Kapitalertragsteuer: Zinsen auf Erstattungsbeträge?

Besteht nach einer verweigerten bzw. verzögerten Erstattung von Kapitalertragsteuer ein Anspruch auf Zinsen? Der BFH hat klargestellt, dass zu Unrecht nicht erstattete Kapitalertragsteuerbeträge gemäß EU-Recht zu verzinsen sind. Der Zinslauf beginnt grundsätzlich drei Monate nach der Einreichung eines formal korrekten Erstattungsantrags und endet mit dem Tag der Auszahlung des Erstattungsbetrags.

Der Bundesfinanzhof (BFH) hat mit Urteil vom 25.02.2025 (VIII R 32/21) entschieden, dass Erstattungsbeträge zur Kapitalertragsteuer nach dem Unionsrecht zu verzinsen sind, wenn dem Anteilseigner/Steuerzahler vom Bundeszentralamt für Steuern (BZSt) die Erstattung der Kapitalertragsteuer unter Bezugnahme auf § 50d Abs. 3 EStG a.F. ohne Anhaltspunkte, die auf eine missbräuchliche Gestaltung im Einzelfall hindeuten, vorenthalten wird.

Sachlage im Streitfall

Die Klägerin, eine österreichische Kapitalgesellschaft, war an einer deutschen Aktiengesellschaft beteiligt und beantragte beim BZSt die Freistellung von der deutschen Kapitalertragsteuer gem. § 43b EStG. 

Das BZSt lehnte dies unter Verweis auf § 50d Abs. 3 EStG a.F. ab, da es einen steuerlichen Gestaltungsmissbrauch vermutete. 

Die Einsprüche gegen die Ablehnung der Anträge wurden wegen laufender Musterverfahren vor dem Europäischen Gerichtshof (EuGH) ausgesetzt.

Nach den EuGH-Entscheidungen vom 20.12.2017 (C-504/16 und C-613/16) zur Unionsrechtswidrigkeit des § 50d Abs. 3 EStG a.F. erstattete das BZSt die einbehaltene Kapitalertragsteuer. 

Die österreichische Gesellschaft beantragte daraufhin die Festsetzung von Zinsen für den Zeitraum vom Steuereinbehalt bis zur Auszahlung der Erstattungsbeträge.

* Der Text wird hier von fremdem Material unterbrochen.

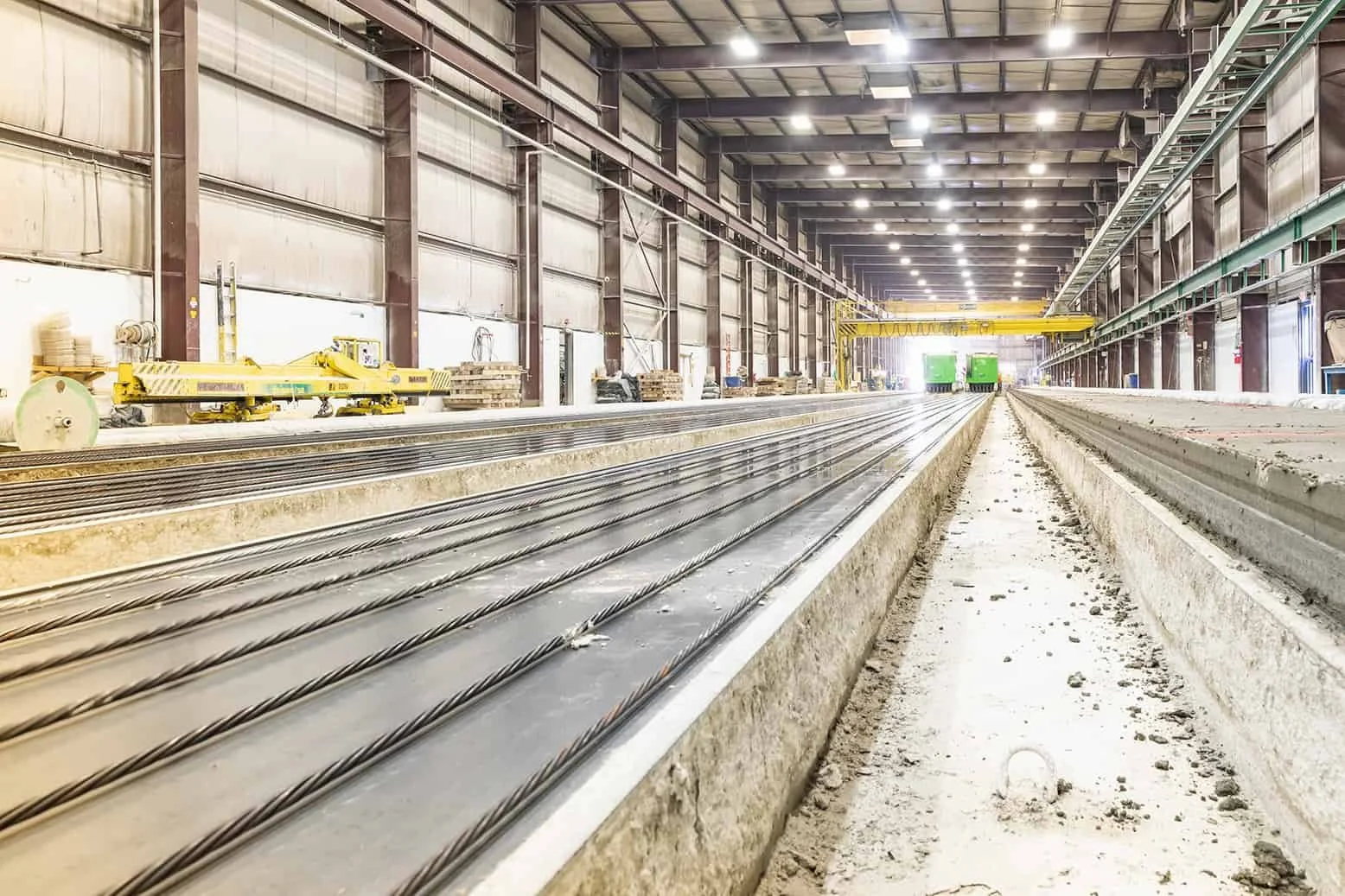 Once the concrete reaches its target strength, prestressing strands are released, transferring compression into the concrete element.

Das BZSt lehnte die Zinszahlung ab. 

Nach erfolglosem Einspruchsverfahren erhob die Klägerin eine Untätigkeitsklage, welcher das Finanzgericht nur teilweise stattgab. Der BFH sah die Revision der Klägerin als begründet an.

Verzinsung von Kapitalertragsteuererstattungen

Steueransprüche werden grundsätzlich nur verzinst, soweit dies durch Bundesrecht oder Recht der Europäischen Union vorgeschrieben ist. 

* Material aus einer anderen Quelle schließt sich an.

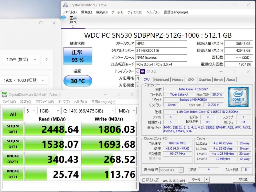 | CPU: 超高速 Intel 卓越性能 第11世代Core i7-1165G7 2.8Ghz、 4コア8スレッド (ターボ・ブースト利用時の最大周波数 4.7GHz) |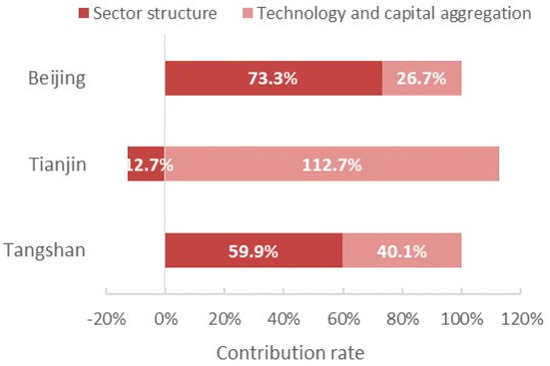 Figure 9 presents the contribution rates of technology and capital aggregation (raggregate) and sector structure (rstructure) to the changes of EMRPW by using a complete decomposition model. For Beijing, the sector structure and aggregation factors accounted for the decrease of EMRPW by 73.3% and 26.7%, respectively. For Tianjin, the aggregation factor drove the increase in EMRPW, whereas the sector structure factor impeded it. For Tangshan, the sector structure and aggregation factors both contributed to the increase in EMRPW by 59.9% and 40.1%, respectively.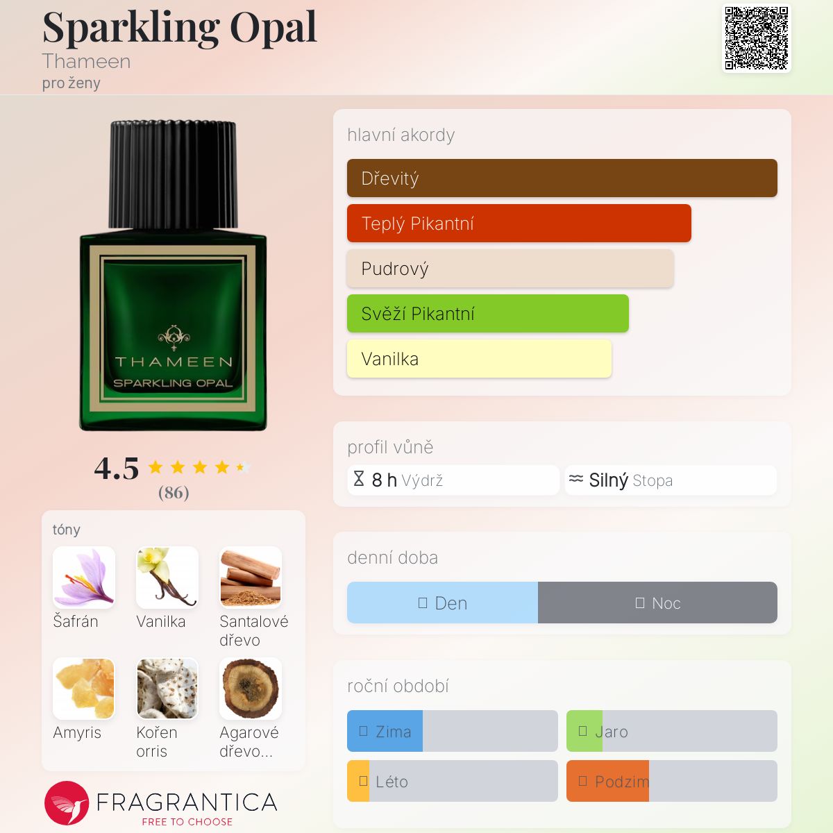 Sparkling Opal podle Thameen je vůně pro ženy. Sparkling Opal byl/a uveden/a v roce 2020. Vrchní tóny jsou Šafrán, Muškátový oříšek a Pepř; střední tóny jsouKořen orris, Agarové dřevo (oud), Skořice, Labdanum, Růže, Jasmín a Cedr ; základní tóny jsou Vanilka, Santalové dřevo, Amyris, Guajakové dřevo, Kůže, Pižmo a Cedr.

Nach nationalem Recht kommt eine Verzinsung von erstatteten Abzugsteuerbeträgen, wie der Kapitalertragsteuer, gem. § 233a Abs. 1 AO nicht in Betracht. 

Allerdings besteht nach der Rechtsprechung des EuGH ein Anspruch auf Rückzahlung unrechtmäßig nach EU-Recht erhobener Steuern zzgl. Zinsen. 

Die genauen Bedingungen für die Verzinsung entsprechender Erstattungsbeträge sind jedoch nicht im EU-Recht festgelegt, sondern richten sich nach den jeweiligen nationalen Gesetzen.

Anwendung der Grundsätze auf den Streitfall

Der BFH bestätigt mit seinem Urteil, dass bei unionsrechtswidriger Anwendung des § 50d Abs. 3 EStG a.F. ein Anspruch auf Verzinsung von Kapitalertragsteuererstattungen besteht. Voraussetzung ist, dass keine Hinweise auf eine missbräuchliche Gestaltung vorliegen. 

Der Zinslauf beginnt laut BFH drei Monate nach Einreichung eines ordnungsgemäßen Erstattungsantrags und endet mit der Auszahlung des Erstattungsbetrags. 

Die Zinsen sind tagesgenau zu berechnen. Als angemessener Zinssatz sind 6 % jährlich anzusetzen. Wird eine Freistellungsbescheinigung zu Unrecht widerrufen, so beginnt der Zinslauf bereits mit dem Steuerabzug.

Praxishinweis

Die Entscheidung des BFH betrifft insbesondere Altfälle des § 50d Abs. 3 EStG a.F. Es ist fraglich, ob die Grundsätze des BFH-Urteils auch auf die neue Rechtslage übertragen werden können, da § 50d Abs. 3 EStG inzwischen geändert wurde. 

Auch für diese Erstattungsbeträge könnte sich aus den Grundsätzen des Unionsrechts ein Anspruch auf Erstattung der Kapitalertragsteuer ableiten lassen. 

Angesichts der oftmals langen Bearbeitungszeiten beim BZSt für die Rückerstattung von Quellensteuer kommt der Verzinsung in der Praxis eine erhebliche Bedeutung zu.